First, it will create clear guidelines for investment. Reciprocity alone will never be a complete solution. A bilateral, ad hoc situation will inevitably lead to more conflict. Both the U.S. Committee on Foreign Investment and Britain’s Chancellor of the Exchequer note that reciprocal market access is key to the ad hoc vetting process. The continental Europeans are leading the international backlash. German Chancellor Angela Merkel wants the European Union to establish an agency similar to the U.S. Committee on Foreign Investment (and its Exon-Florio law72) to scrutinize foreign takeovers. EU Trade Commissioner Peter Mandelson advanced the alternative approach that the EU might allow governments to hold “golden shares” to block acquisitions of sensitive industries.73 Brussels has opposed the deployment of golden shares in the past, but Mr. Mandelson believes that any system should be regulated at a pan-European level to avoid distorting the European single market.74 These different approaches underscore the need for a global response. Bilateral regimes will destabilize international financial markets and encourage retaliation and protectionism.

Second, the ten-percent limitation would help protect national security interests. Defining what industries fall under the umbrella of “national security” is sensitive and often unpredictable due to idiosyncratic local conditions.75 This can be especially challenging in the Sino-American context. For example, the U.S. Congress engaged in a politically-charged battle to divest Dubai Ports World of control of five major U.S. ports in 2006, while that company successfully runs the major port in Hong Kong.76 National Security concerns also become tricky to manage due to the diversified operations of major multinational companies: what seems innocuous today could become a matter of concern tomorrow. It is difficult, embarrassing and invites reprisal to divest SWFs of rightfully purchased assets based upon vacillating national security concerns. Thus, allowing SWFs to acquire ten-percent of non-managerial stock in any company seems to be a decent compromise. The cross-pollination of defense spending may even, if well orchestrated, contribute to international peace and security.

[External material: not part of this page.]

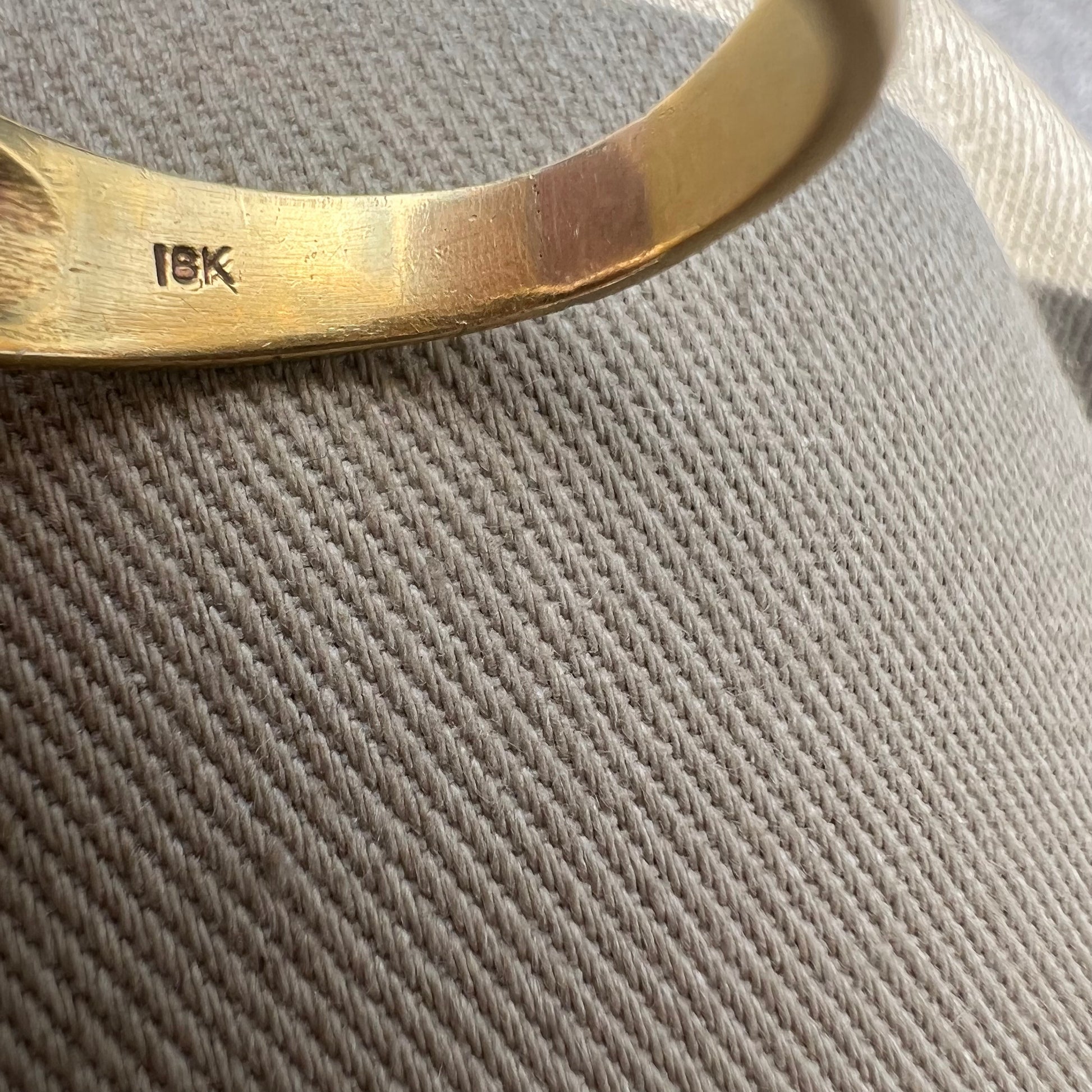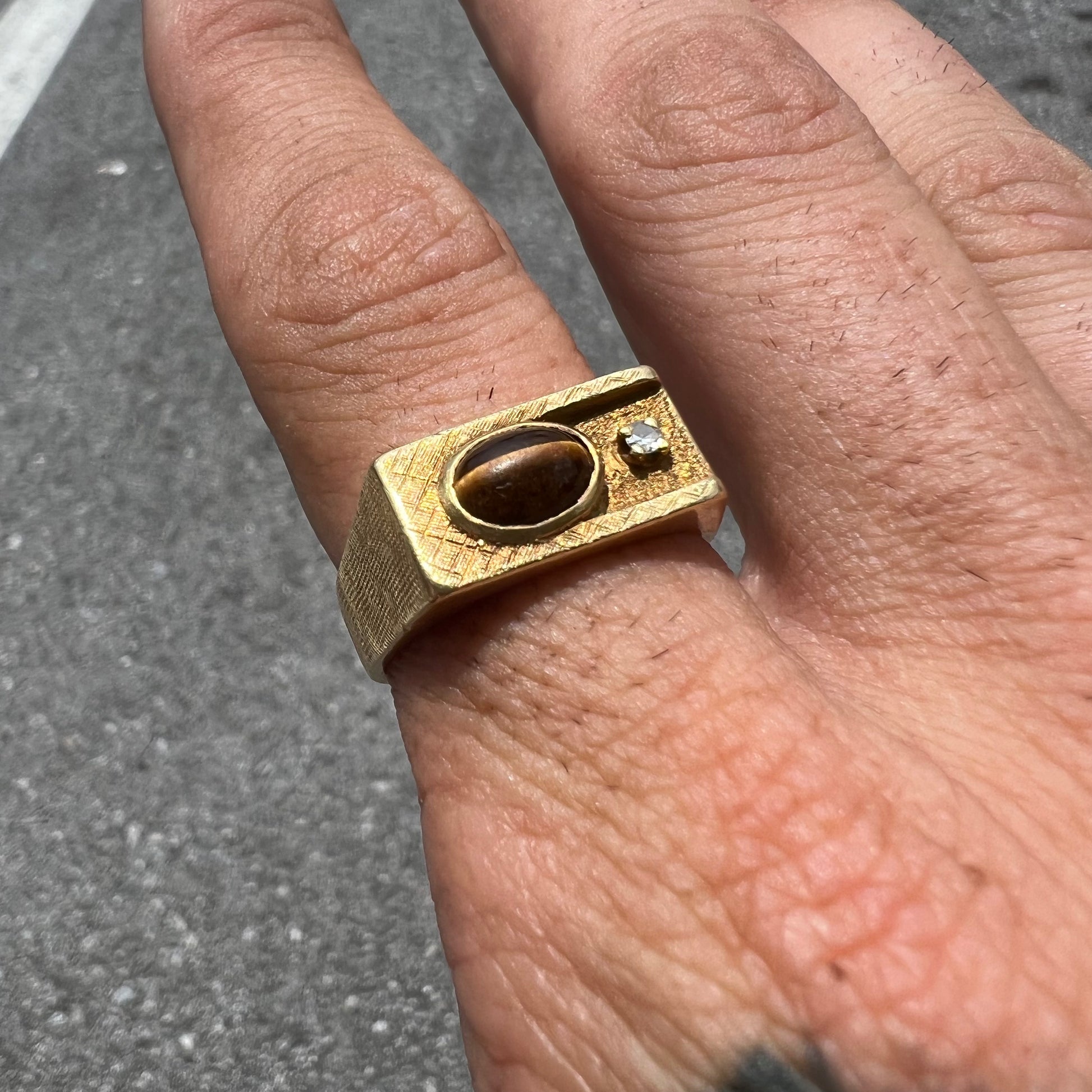 Old school style with a dark golden yellow 18k gold half of the ring has a Florentine finish, which was very popular in the middle half of the 20th century, followed by a flat high polish on the bottom shank of the ring. Sitting on top is a beautiful tigers eye stone and natural Diamond solitaire. Size:10.75 weighing in at 10.1g

Third, a ten-percent ceiling would mitigate fears that large capital flows from SWFs will be used to destabilize markets or governments. Never has the potential for so much capital to enter the market at one time existed before the rise of SWFs. If an SWF made a bad investment and had to unwind it fast, it could destroy firms and/or destabilize entire sectors of the global economy. The IMF warned that, “a single institution could make sudden portfolio adjustments that could have significant price effects on certain asset classes. Market rumours of such adjustments may lead to volatility as previous announcements by central banks have shown,” in its global financial stability report. 77 This sentiment is echoed by Willem Buiter, Professor of European Political Economy at the London School of Economics:
[I]f and to the extent that these SWFs are large enough to be systemically important, a failure by one or more of them – or even a significant loss suffered by one or more of them - could drag a significant number of counterparties into the abyss and thus endanger financial stability worldwide.78
There is also an example proving that SWFs can be used to destabilize foreign governments. Some attribute the political turmoil in Thailand in part to Singapore’s Temasek SWF acquiring a local telecommunications company. A senior Temasek official warned that similar problems may be brewing in China, where the group bought stakes in two state banks. 79 Obviously, a SWF should avoid destabilizing governments and markets by risky speculation, abusing privileged information or engaging in crony capitalism. A ten percent ceiling would prevent the appearance of hostile takeovers of national firms. It would also prevent a foreign government from being able to sway domestic policy using national industries. Lawrence Summers challenges us to imagine a foreign government using its SWF to apply political leverage on a host government, “when a country joins some ‘coalition of the willing’ and asks the US president to support a tax break for a company in which it has invested? Or when a decision has to be made about whether to bail out a company, much of whose debt is held by an ally’s central bank?” 80 Dr. Summers proposes that funneling SWF funds through financial intermediaries would reduce these concerns.81 Unfortunately, this remedy is insufficient. That make SWF holdings more transparent under the current non-disclosure regime and compel SWFs to commandeer intermediaries to do their lobbying for them.

Thus, the most viable and least hypocritical option available to all parties given present realities is to limit the assets available for sale to foreign interests. Both East and West already do this, and a benchmark 10% level of access has developed. This number provides a common ground for the IMF to build a SWF investment regime upon, and should have been included in the Santiago Principles. This scheme is the only way to eliminate the need to insult foreign governments and thereby invite retaliation through individual, ad hoc rejection notices.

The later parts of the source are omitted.